When developing a ColdBox REST API we wanted to add multilingual capacities. Coldbox has a nice module cbi18n for this.  When you set a new locale using

i18n.setfwLocale(newLocale);

this locale will usually be saved in a cookie and sent back with every request. But for our REST API we are looking for a more standard way of content-negotiation. We want to set an Accept-language header on every request and return a Content-Language header for one of our supported languages. The Accept-language can contain multiple choices, and each choice can have language, country and a q factor which specifies a preference. Example:

Accept-Language: fr-CH, fr;q=0.9, en;q=0.8, de;q=0.7, *;q=0.5

In our case we are only serving two languages, English (en) and Dutch (nl) which is the default if no header is specified. So, in our header we need to find out which language (nl, en or something else) is requested and if it is not Dutch (nl) we serve English. In a later stage we might add German for some customers but for now these two languages are sufficient.
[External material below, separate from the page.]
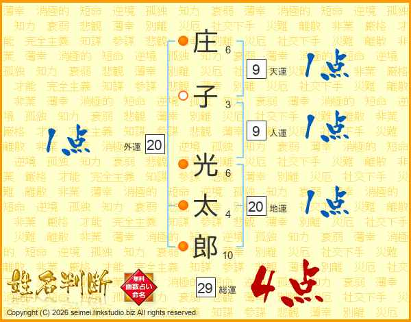 庄子光太郎さんの総運は29画の4点!

Coldbox interceptors are the perfect vehicle for this kind of logic. We define a LanguageInterceptor which has the following code:

// Language interceptor
component{
	property name = "i18n"				inject="i18n@cbi18n";
	
	void function configure(){
	}

	function preProcess( event, interceptData, buffer, rc, prc ) {
		var languageHeader =event.getHTTPHeader( "Accept-Language", "nl" );
		// get first language from comma separated list
		//cleanup for potential ;q weighting factor
		//plus cleanup for potential - dash separator
		var firstLanguage = listFirst(listFirst(listFirst(languageHeader),";"),"-");
		var newLocale = ( firstLanguage == "nl") ? "nl_NL" : "en_US";
		var contentLanguage = ( firstLanguage == 'nl') ? "nl-NL" : "en-US";
		i18n.setfwLocale(newLocale);
		event.setHTTPHeader( name = "Content-Language", value = contentLanguage );
	}
}

As you can see from the listfirst/listfirst/listfirst line, there is some parsing involved, because there might be multiple language entries separated by a comma. Each of these entries could have a q factor appended (after a ; character) and finally there might be a country designation after a . So finally we end up with nl, en or something else. Coldfusion locales are formattet as nl_NL or en_US for example, and in the Content Language returned everything should be formatted with a dash instead of an underscore.

Finally, don’t forget to register your interceptor in Coldbox.cfc or your ModuleConfig.cfc!